Но девушка уже склонилась над водой. Когда Виктор подошел к ней, она протянула ему наполненные ладошки:
— Попробуй, какая вкусная!
Виктор осторожно отпил и взглянул ей в сияющие глаза:
— Спасибо, фея, за живую воду!
Дина хитро посмотрела на него:
— А вот и не фея! — и, хохоча, окропила его холодными брызгами.
— Ага! — Он шутливо сдвинул брови и поймал ее руки. — Тогда кто это тут расшалился?
— Не я, — смеялась Дина, — это только мои руки…
— Ах ты! Игривый котенок! — говорил Виктор. — Такого только под мышку и айда!
— Да что вы говорите, господин ученый! — Дина смешно гримасничала.
— Вот-вот, ученый! С наукой не спорят, — строго сказал Виктор и поймал ее губы своими.
Когда они, наконец, оторвались друг от друга, Дина тихо сказала:
— Знаешь, по-моему, все уже позади. Все плохое кончилось.
— Да, ты со мной! И все будет хорошо! Пойдем?
— Пойдем, — кивнула она.
И они поторопились к уже показавшимся внизу крошечным домикам, утопающим в цветущих яблоневых садах.

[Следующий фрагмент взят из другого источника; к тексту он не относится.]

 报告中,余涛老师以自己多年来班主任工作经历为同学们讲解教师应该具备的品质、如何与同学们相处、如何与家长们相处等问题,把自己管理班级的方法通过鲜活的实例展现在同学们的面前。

Глава XXIV. Ритуальная магия
Отворачиваясь от страдающего лица девушки, Сет решил щелчком пальцев остановить ее истерику и не смог. Ему претило собственное бесконтрольное желание поцеловать распухшие от слез щеки. «Мне не нужны человеческие отношения, — сказал он ей. — Уходи сейчас же». Безотчетно маг опасался, что это существо смягчит его непробиваемый панцирь, и потому грубо выставил девчонку с поляны, где почти все было готово к действу. Глядя с возвышения, как согбенная фигурка удаляется вниз, Сет отогнал от себя тень сожаления. Он не позволит никому делать его уязвимым. Магу понадобилось совсем немного, чтобы вновь почувствовать привычное хладное спокойствие ума и тела.

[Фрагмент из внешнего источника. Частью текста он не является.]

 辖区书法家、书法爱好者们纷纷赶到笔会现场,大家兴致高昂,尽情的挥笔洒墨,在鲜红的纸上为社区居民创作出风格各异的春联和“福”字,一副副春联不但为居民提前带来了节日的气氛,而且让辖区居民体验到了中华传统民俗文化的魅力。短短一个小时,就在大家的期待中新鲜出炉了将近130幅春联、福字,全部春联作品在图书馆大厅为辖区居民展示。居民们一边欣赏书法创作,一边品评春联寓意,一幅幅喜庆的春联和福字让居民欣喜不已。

Расписанная колода Таро ожила в его пальцах. Впрочем, он и так чувствовал ответ на поставленный вопрос. Жрица вот-вот найдется. И план, подобный сооружению, кропотливо выстроенному из карт, реализуется в назначенный срок. Взглянув на двурогую богиню на картинке карты, Сет теперь знал наверняка — завтра беглянка появится в деревне, и не одна.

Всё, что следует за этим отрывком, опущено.